On the appointed Friday, I got home to find I'd had a telephone call from Fairmuck. They'd been unable to decide which telephone connector in my apartment building's basement was mine and would need access to my apartment. They would also need access to the locked room in the basement. That room used to house equipment from a once locally owned internet service provider. As I had the following day off, I started placing calls. The phone number for Fairmuck  played a recorded message which informed me that they were closed for the weekend. I called the phone from which the call to me was placed. An individual answered who told me it wasn't a Fairmuck number. When I noted that it was the number from which I'd been called, he told me no one was there and hung up. I called the office again, and found an 800 (free call) number for problems, emergencies, and tech advice. I called it. They couldn't find my account by using my cell phone number. As it turns out, I was assigned an "account phone number" even though I did not sign up for phone service - a number which appeared nowhere on the paperwork that accompanied the modem. I had the next day off from work, could they come back then? They could - if they could get a hold of their local dispatch - but that office was closed until Monday. "Look, I just went through a series of phone calls to make sure I had access to the locked room. Can a supervisor help?" Of course not, but the supervisor did get me a number I could call the next day. I did not complain about the over-modulated endlessly repeating recording of Vivaldi's "Four Seasons" 'Summer' movement to which I had been subjected for 20 minutes of hold time.

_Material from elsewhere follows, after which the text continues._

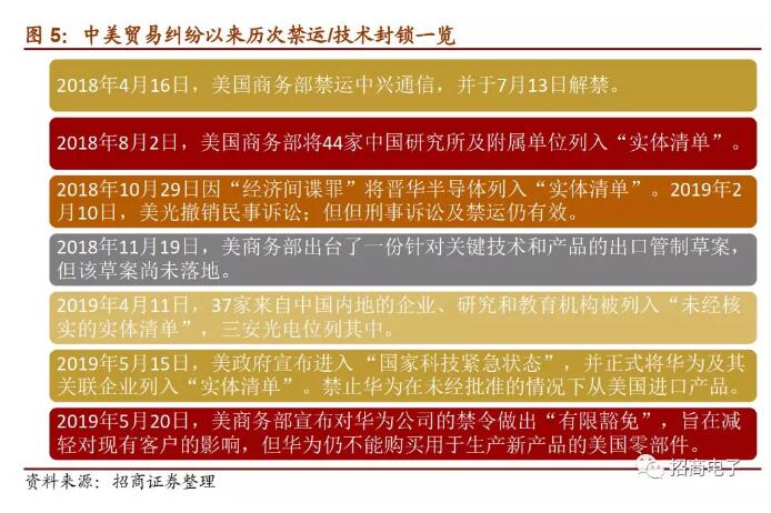 1、贸易纠纷再起波澜,自主可控重要性凸显:中美贸易纠纷是宏观环境的重要影响因子。自5月5日以来,美方态度发生急转,无端提升税率、对华为实施禁运等一系列举措均为已渐趋和解的中美关系蒙上了一层阴影,贸易纠纷波澜再起。从征税角度看,前期2000亿美元税单对电子产业影响不大。新增的3000亿美元或将促使消费电子对美出口的成品组装业务产能对外转移。相较征税,技术禁运的影响更为深远,在中美贸易纠纷的大背景下,半导体自主可控的迫切性凸显。

Next day, rinse and repeat, except that they couldn't find my account with either phone number.

Monday morning, before heading out to work, I called Fairmuck's main number. They couldn't find my account either, but a supervisor finally did. I explained that I had the next day, Tuesday, off. Would they please come back then? The supervisor called the local dispatch office. They could fit me in. Can you tell me approximately what time you might arrive? "They will give you a call around 8am with that information." "Thank You!"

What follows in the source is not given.